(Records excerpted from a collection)
- Opening Delimiter -

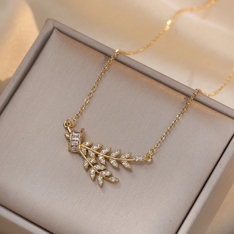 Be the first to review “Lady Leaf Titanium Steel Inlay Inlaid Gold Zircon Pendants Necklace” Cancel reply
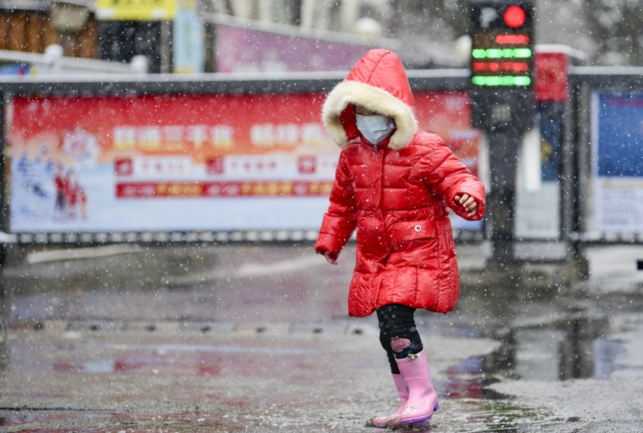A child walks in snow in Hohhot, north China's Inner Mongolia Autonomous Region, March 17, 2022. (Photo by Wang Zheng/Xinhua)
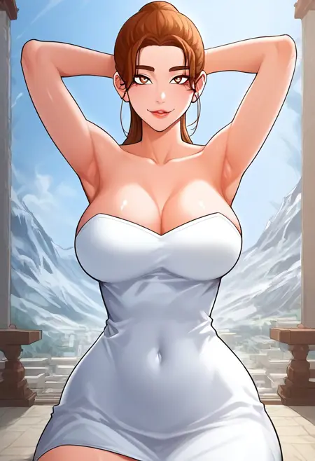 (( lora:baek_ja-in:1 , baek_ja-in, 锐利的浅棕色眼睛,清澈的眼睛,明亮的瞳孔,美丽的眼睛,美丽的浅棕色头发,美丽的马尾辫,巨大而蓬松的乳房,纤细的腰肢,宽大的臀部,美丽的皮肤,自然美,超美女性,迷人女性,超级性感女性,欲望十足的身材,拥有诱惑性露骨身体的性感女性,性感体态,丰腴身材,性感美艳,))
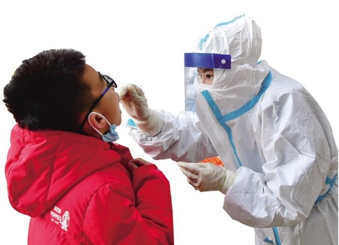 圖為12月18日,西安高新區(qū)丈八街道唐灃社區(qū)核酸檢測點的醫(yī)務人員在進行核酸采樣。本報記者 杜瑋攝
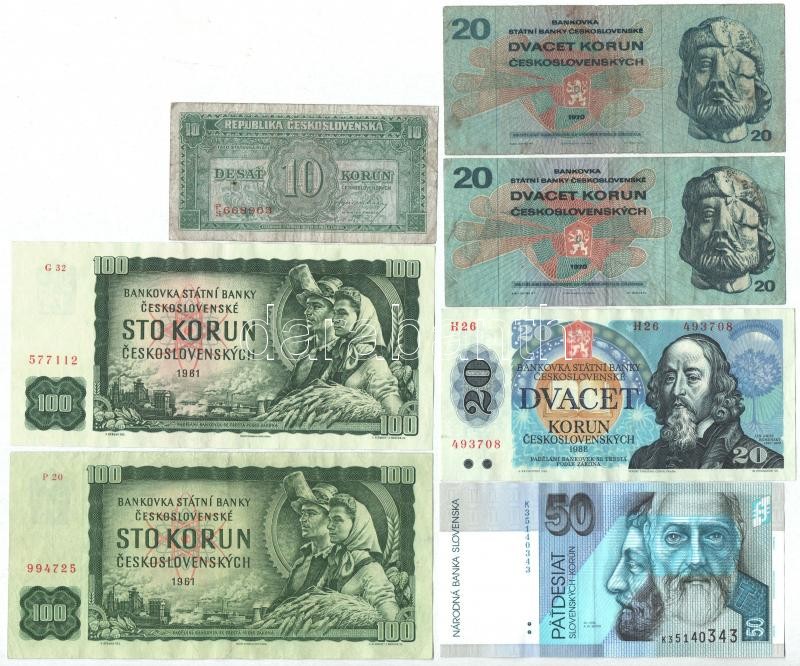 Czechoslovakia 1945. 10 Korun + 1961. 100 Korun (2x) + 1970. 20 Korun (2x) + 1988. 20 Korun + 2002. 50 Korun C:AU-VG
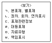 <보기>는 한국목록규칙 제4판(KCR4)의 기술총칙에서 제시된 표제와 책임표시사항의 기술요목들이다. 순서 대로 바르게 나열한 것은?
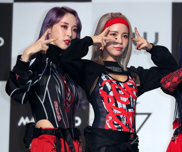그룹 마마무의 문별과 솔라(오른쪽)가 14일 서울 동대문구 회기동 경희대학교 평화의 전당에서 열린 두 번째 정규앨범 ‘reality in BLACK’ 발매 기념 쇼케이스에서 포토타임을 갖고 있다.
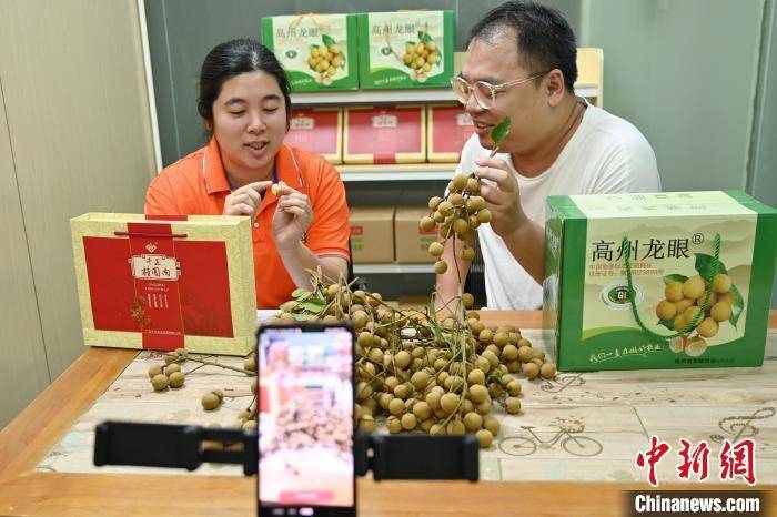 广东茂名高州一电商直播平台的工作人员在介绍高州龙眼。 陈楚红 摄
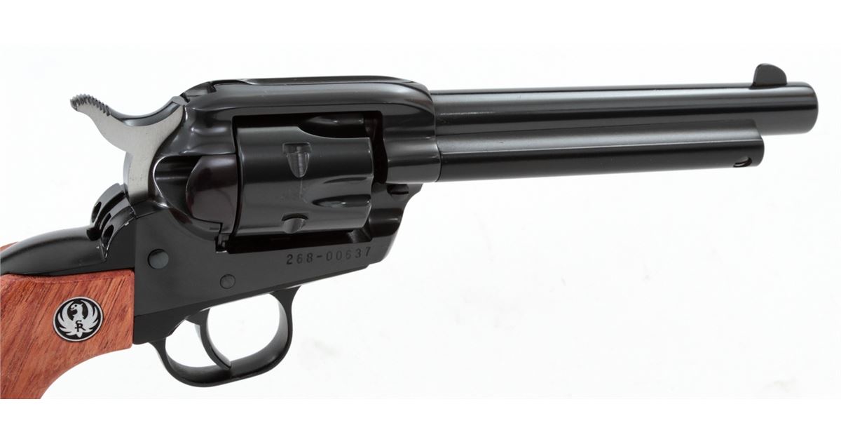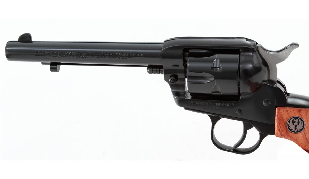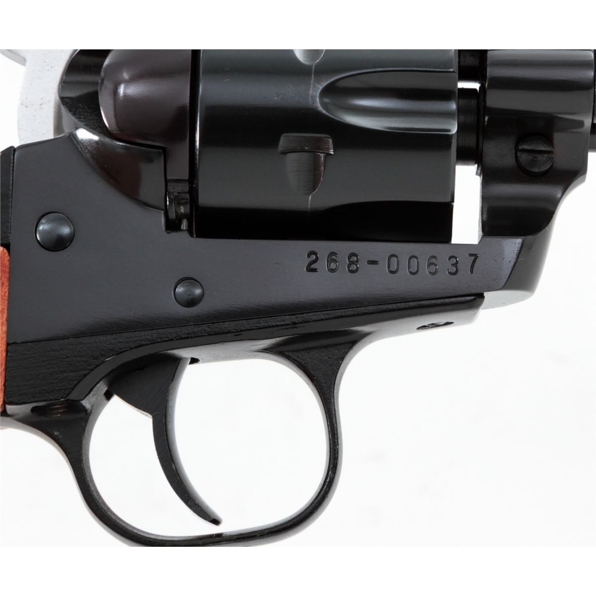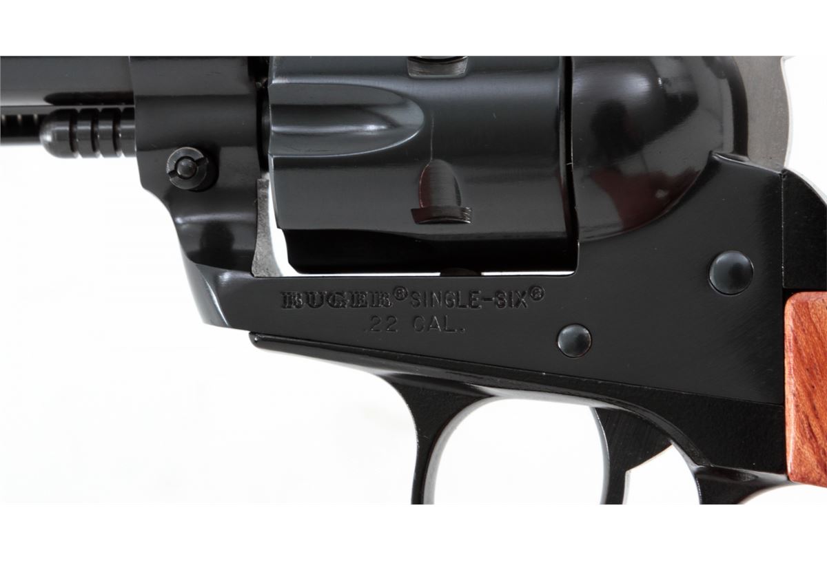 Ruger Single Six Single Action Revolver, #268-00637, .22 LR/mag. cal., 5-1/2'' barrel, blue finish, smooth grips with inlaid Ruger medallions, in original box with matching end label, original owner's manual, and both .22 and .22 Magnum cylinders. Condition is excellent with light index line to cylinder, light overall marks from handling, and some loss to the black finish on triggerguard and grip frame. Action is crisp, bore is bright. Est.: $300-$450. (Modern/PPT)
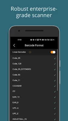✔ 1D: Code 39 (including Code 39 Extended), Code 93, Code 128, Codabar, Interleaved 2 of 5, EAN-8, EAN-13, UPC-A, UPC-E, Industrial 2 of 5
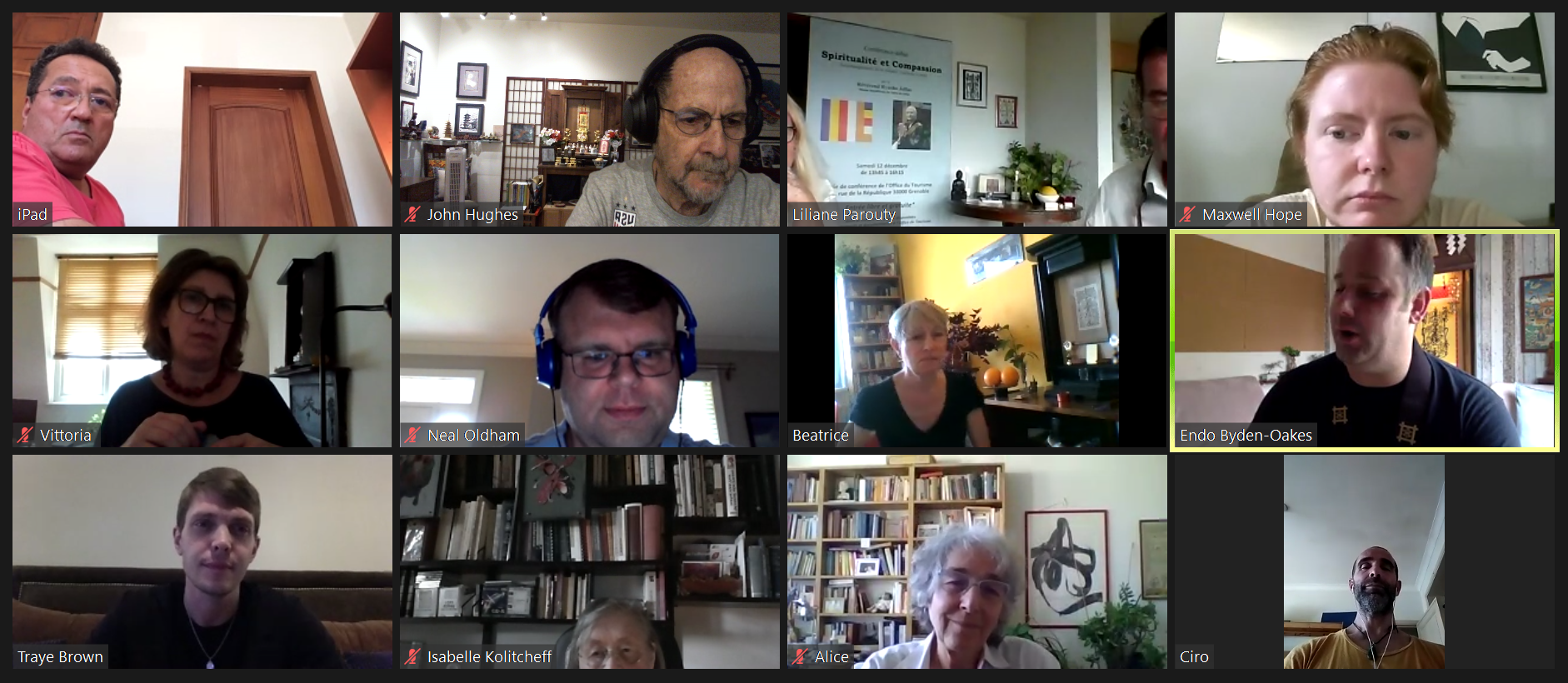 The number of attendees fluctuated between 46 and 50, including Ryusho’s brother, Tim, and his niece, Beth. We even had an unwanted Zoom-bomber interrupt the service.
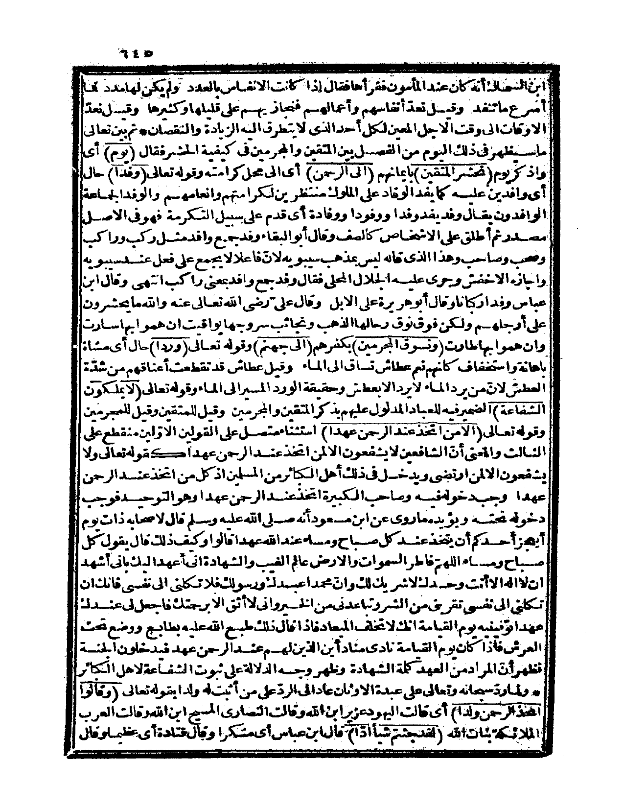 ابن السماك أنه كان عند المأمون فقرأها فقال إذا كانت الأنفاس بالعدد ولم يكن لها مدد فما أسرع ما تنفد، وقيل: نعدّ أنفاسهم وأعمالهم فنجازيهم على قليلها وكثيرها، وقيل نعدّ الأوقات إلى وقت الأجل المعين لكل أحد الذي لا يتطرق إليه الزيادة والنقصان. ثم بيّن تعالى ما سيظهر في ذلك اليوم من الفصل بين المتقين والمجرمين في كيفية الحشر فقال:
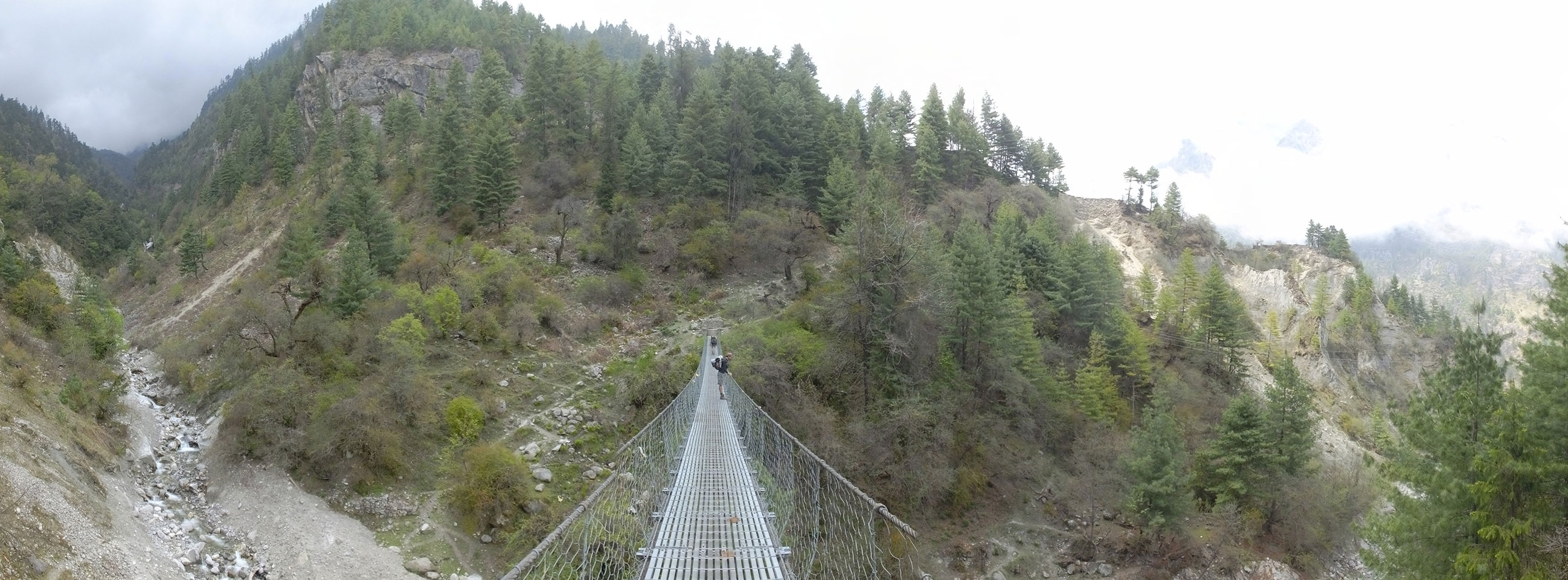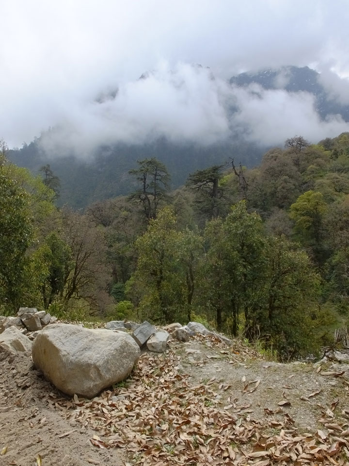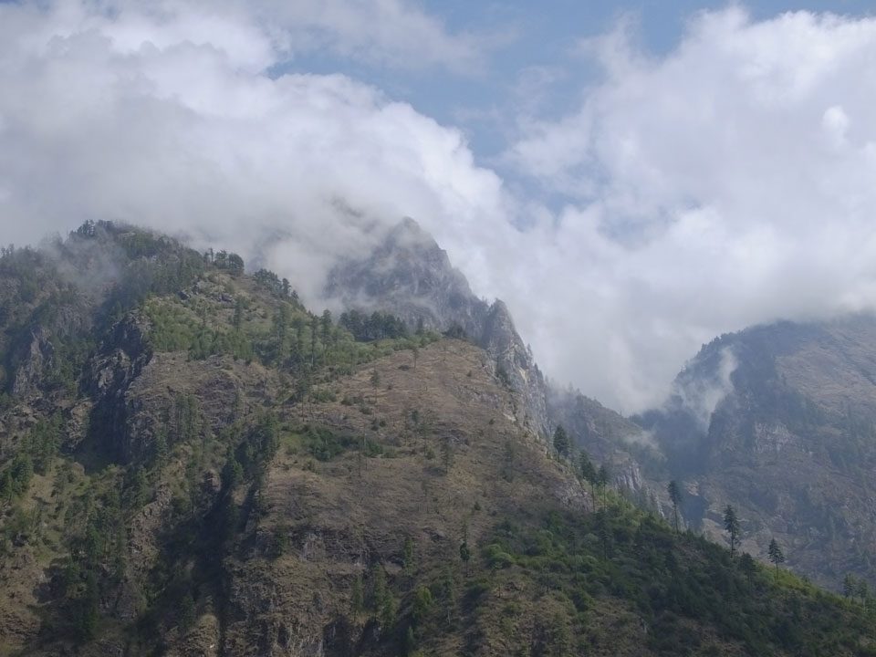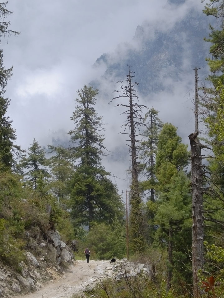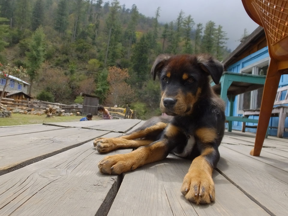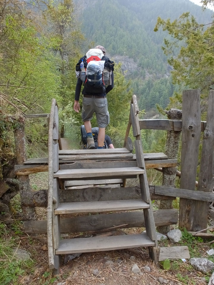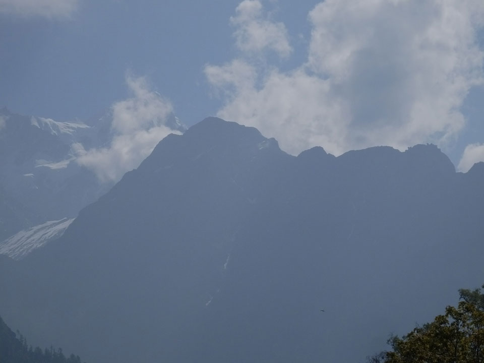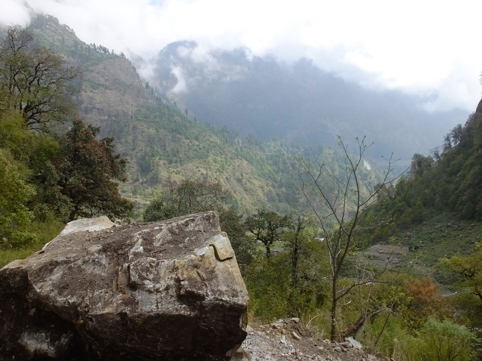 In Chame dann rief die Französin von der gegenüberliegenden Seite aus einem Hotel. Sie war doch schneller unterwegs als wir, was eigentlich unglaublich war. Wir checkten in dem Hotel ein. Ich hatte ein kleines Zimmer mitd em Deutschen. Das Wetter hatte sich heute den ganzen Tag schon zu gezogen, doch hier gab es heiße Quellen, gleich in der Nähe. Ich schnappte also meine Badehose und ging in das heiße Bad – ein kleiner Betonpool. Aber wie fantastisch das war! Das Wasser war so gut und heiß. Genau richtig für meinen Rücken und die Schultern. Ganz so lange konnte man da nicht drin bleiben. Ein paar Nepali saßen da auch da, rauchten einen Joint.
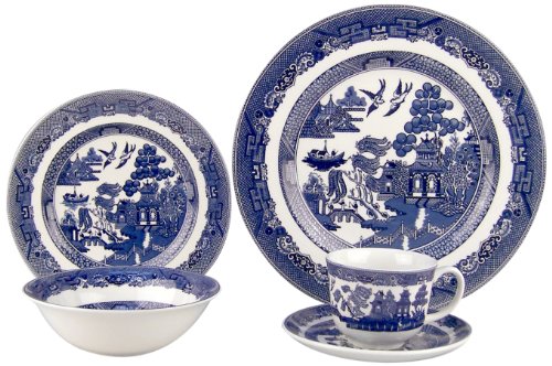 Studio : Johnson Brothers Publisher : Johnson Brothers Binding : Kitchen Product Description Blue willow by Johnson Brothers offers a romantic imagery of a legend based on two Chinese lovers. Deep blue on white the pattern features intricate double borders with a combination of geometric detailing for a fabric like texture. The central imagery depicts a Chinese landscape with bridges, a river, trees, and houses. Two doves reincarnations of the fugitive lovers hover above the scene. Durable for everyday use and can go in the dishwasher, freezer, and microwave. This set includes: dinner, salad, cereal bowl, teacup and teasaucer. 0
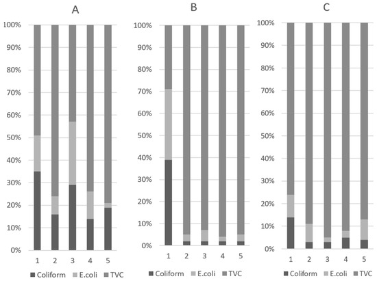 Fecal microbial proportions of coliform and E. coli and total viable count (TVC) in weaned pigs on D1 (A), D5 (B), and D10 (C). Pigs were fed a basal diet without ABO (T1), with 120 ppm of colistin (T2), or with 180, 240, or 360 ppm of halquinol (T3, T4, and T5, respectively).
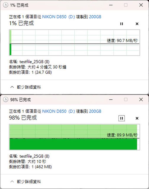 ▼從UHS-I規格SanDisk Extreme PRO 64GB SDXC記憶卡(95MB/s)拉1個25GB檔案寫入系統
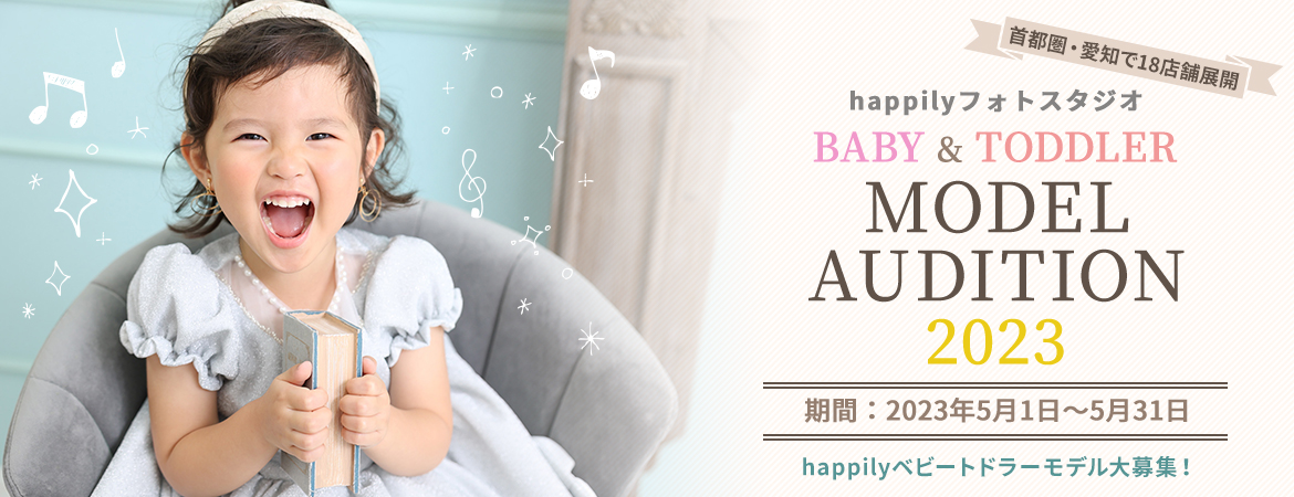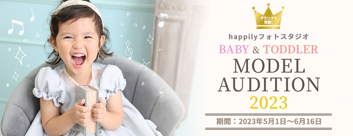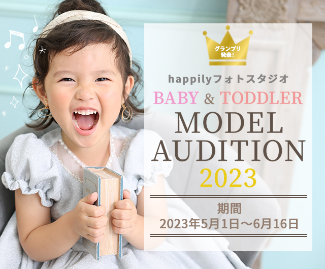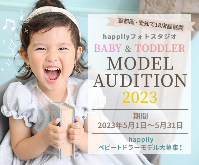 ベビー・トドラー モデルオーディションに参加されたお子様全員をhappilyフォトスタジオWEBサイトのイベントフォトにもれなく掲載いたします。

- Closing Delimiter -

# PROBLEM STATEMENT:
The lines to be transcribed are those from the first line of the data above through the line holding "圖為12月18日,西安高新區", inclusive; copy them exactly and only, leaving out the pictures.

# TASK OUTPUT:
 Be the first to review “Lady Leaf Titanium Steel Inlay Inlaid Gold Zircon Pendants Necklace” Cancel reply
A child walks in snow in Hohhot, north China's Inner Mongolia Autonomous Region, March 17, 2022. (Photo by Wang Zheng/Xinhua)
 (( lora:baek_ja-in:1 , baek_ja-in, 锐利的浅棕色眼睛,清澈的眼睛,明亮的瞳孔,美丽的眼睛,美丽的浅棕色头发,美丽的马尾辫,巨大而蓬松的乳房,纤细的腰肢,宽大的臀部,美丽的皮肤,自然美,超美女性,迷人女性,超级性感女性,欲望十足的身材,拥有诱惑性露骨身体的性感女性,性感体态,丰腴身材,性感美艳,))
 圖為12月18日,西安高新區(qū)丈八街道唐灃社區(qū)核酸檢測點的醫(yī)務人員在進行核酸采樣。本報記者 杜瑋攝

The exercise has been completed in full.